Der Code setzt mind. Java 5 voraus.

lr


----------



## Niki (11. Jan 2008)

Ich bin mir sicher du hast jetzt seine Hausaufgabe gelöst


----------



## lhein (11. Jan 2008)

Niki hat gesagt.:
			
		

> Ich bin mir sicher du hast jetzt seine Hausaufgabe gelöst



Die Frage ist nur, ob er den Code auch erklären kann, wenn der Lehrer fragt warum es so gelöst wurde 

lr


----------



## Gast (11. Jan 2008)

Leider ist es nicht meine Hausaufgabe, das ist für mein Projekt!
Aber trotzdem Vielen Dank!


----------



## gast08 (11. Jan 2008)

ist ja egal ob es Hausaufgabe oder Projekt ist - verstehen muss mans - was ist wenn mal was geändert werden muss.


----------



## Gast (11. Jan 2008)

Ich hab es soweit verstanden, doch mein Problem ist es jetzt, dass die Werte mit der Anzahl nicht aufsteigend ausgegeben werden?!

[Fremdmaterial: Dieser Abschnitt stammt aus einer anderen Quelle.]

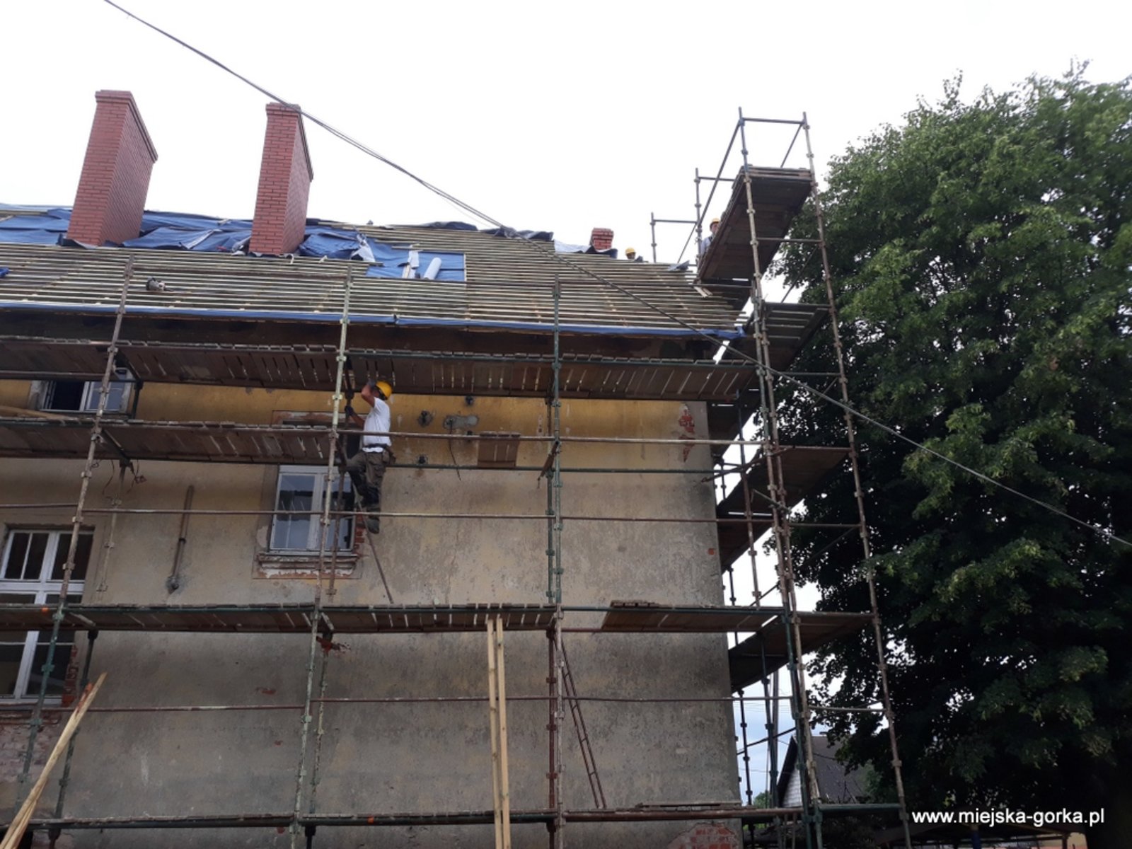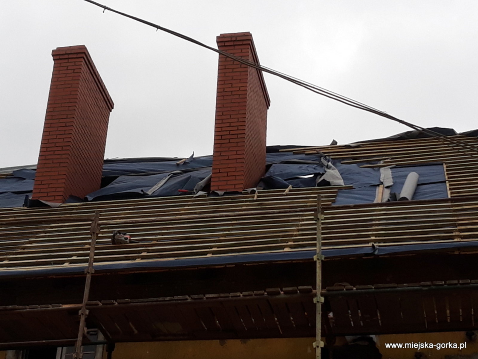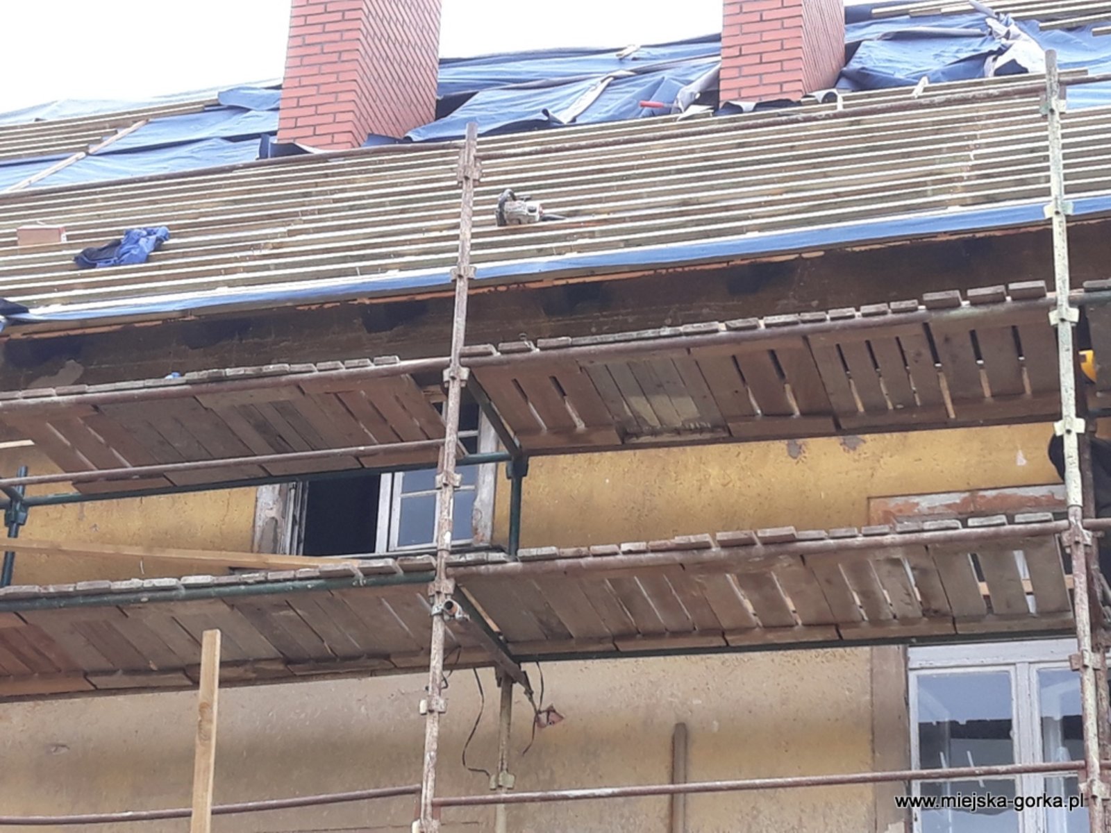 Remont rozpoczęto od wymiany dachu i przemurowania kominów. Zakres prac obejmuje m.in.: wykonanie nowych elementów konstrukcyjnych dachu, nowego pokrycia z dachówki oraz orynnowanie.
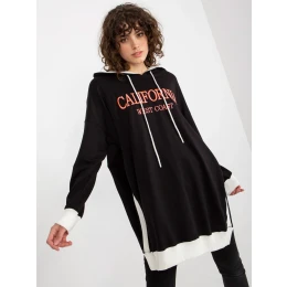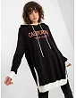 Černá dlouhá oversize mikina s nápisy a kapucí .
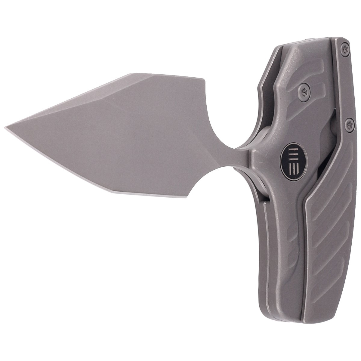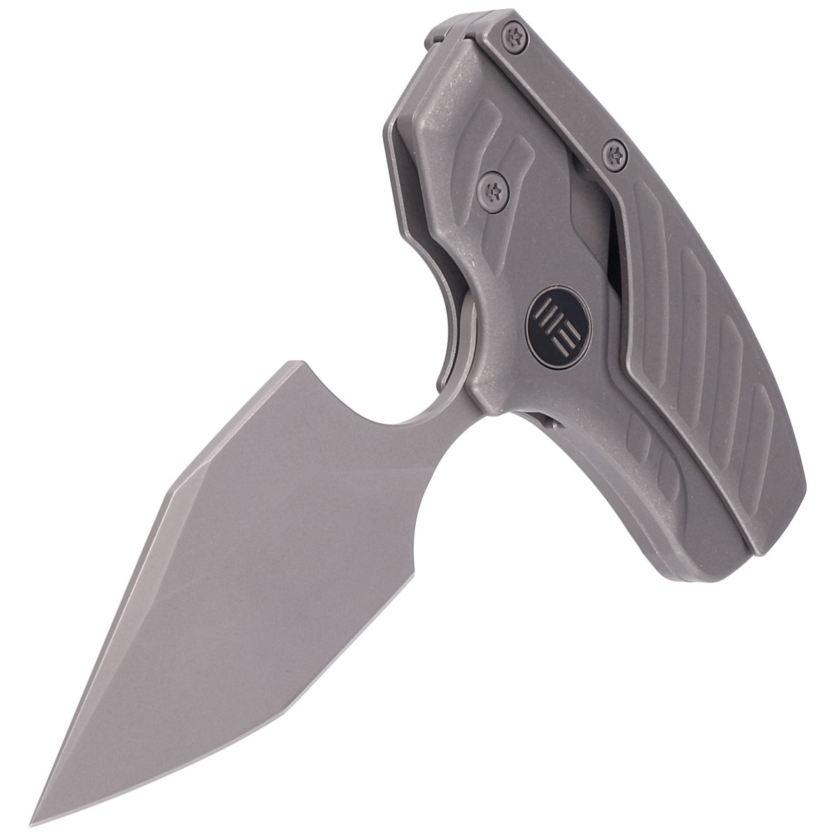 Handle - made of titanium 6AL4V, beveled edges of the covers eliminate sharp edges. Artful milling improves grip security. Sliding and pulling the handle apart allows you to quickly change the function of the knife. A fore finger groove improves grip confidence in the Fixed position, and in the Push Dagger position creates room for clenched fingers. The handle design is symmetrical which allows both right and left-handed people to use the knife without problems. The pivot is decorated with a stylized WE Knife brand logo.
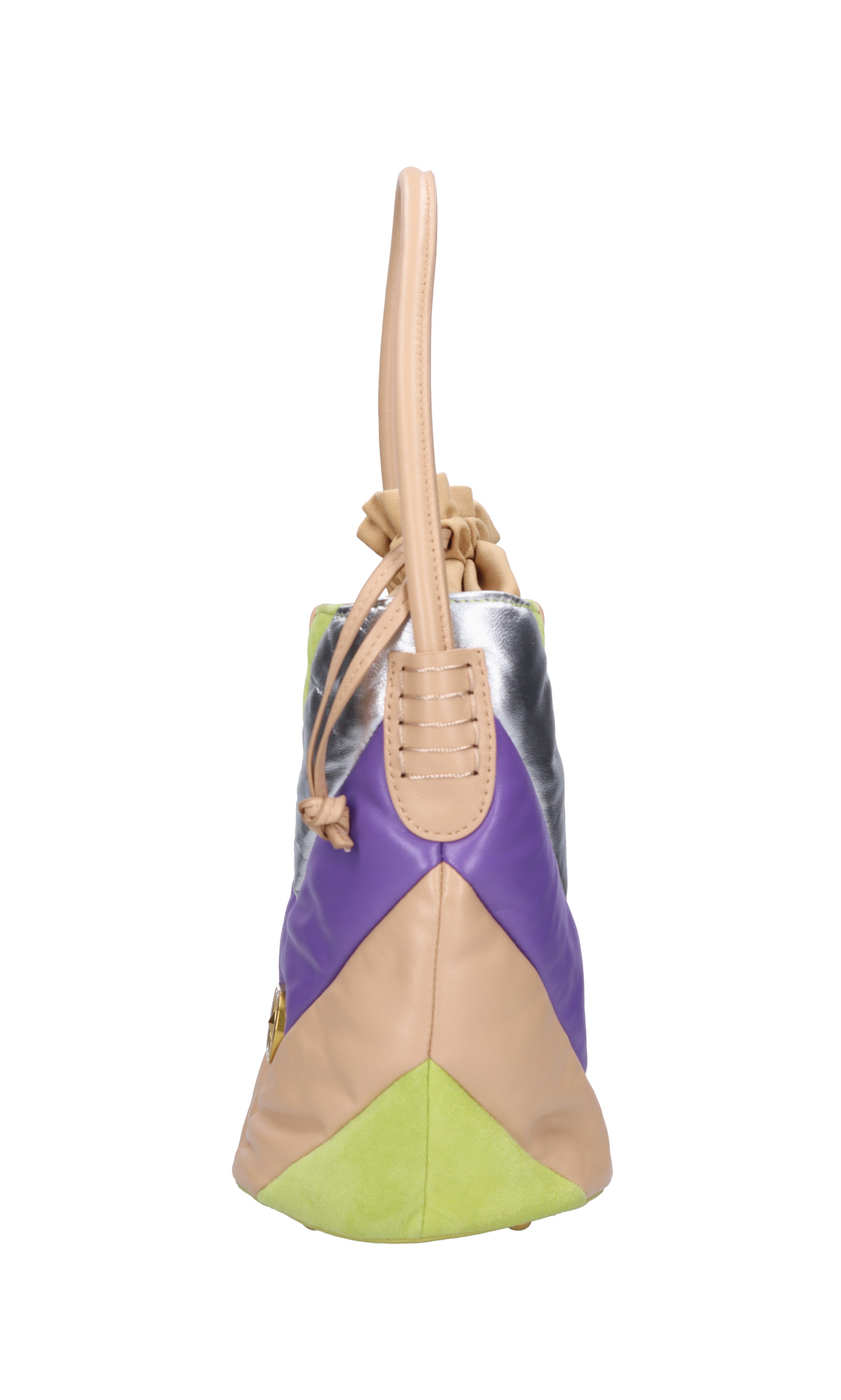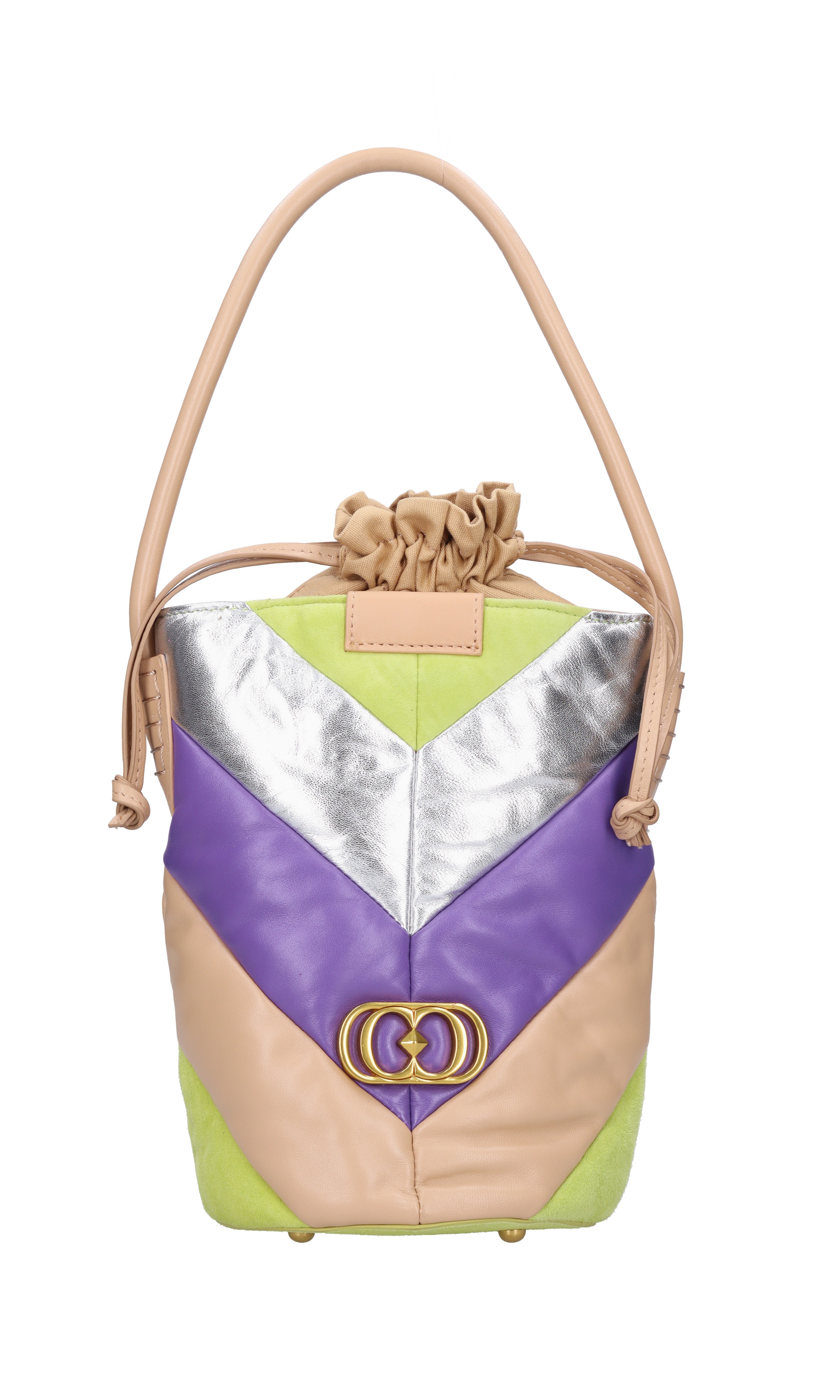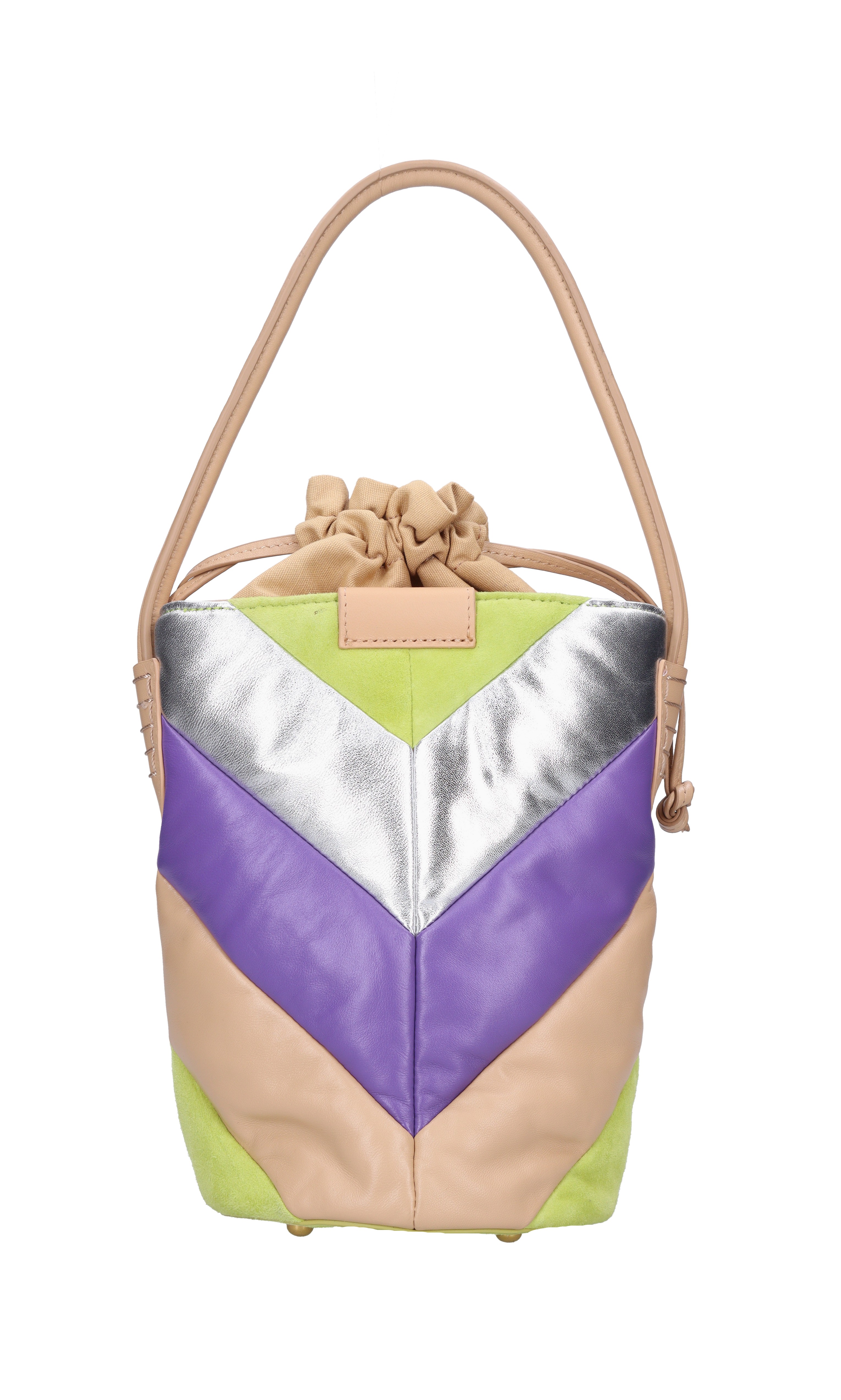Borsa in pelle camoscio e tessuto. 1 comparto. Chiusura con coulisse.
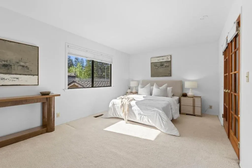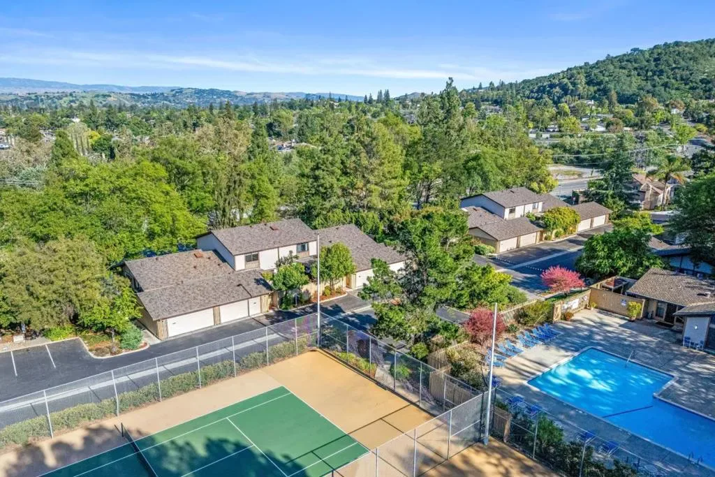Nestled at the base of the Los Gatos hills in the highly desirable Montanas de Los Gatos community, this spacious two-story townhome offers a peaceful, park-like setting surrounded by mature trees, open space, and scenic hillside views, ideally located on the border of Los Gatos and Almaden Valley. The home offers a bright, spacious floor plan with fresh interior paint and a layout that provides comfort and flexibility. The main level includes a kitchen, dining area, laundry room, and half bath. The dining area opens to a private enclosed patio, perfect for relaxing or entertaining, with direct access to the attached two-car garage. Upstairs are two generous primary suites, each with its own private bathroom. One suite features double doors and dual closets, while the second offers additional space ideal for a home office, reading area, or workout space. Additional features include central heating, air conditioning, plantation shutters, and dual-pane windows. The community completed new roofs on all homes and garages in 2025, adding peace of mind for future owners. This beautifully maintained community features lush landscaping, walking paths, floodlit tennis courts, and a sparkling pool, all just minutes from shopping, dining, hiking trails, and convenient commute routes.

Wie kann ich das jetzt sortieren mit der dazugehörigen Anzahl?


----------



## lolkind (11. Jan 2008)

Such mal im Forum nach sortierverfahren, da findest du 100pro etwas dazu!

PS: Thread Abharken (Links unten)


----------



## Guest (11. Jan 2008)

Ein normales array zu sortieren ist einfach, hier z.B.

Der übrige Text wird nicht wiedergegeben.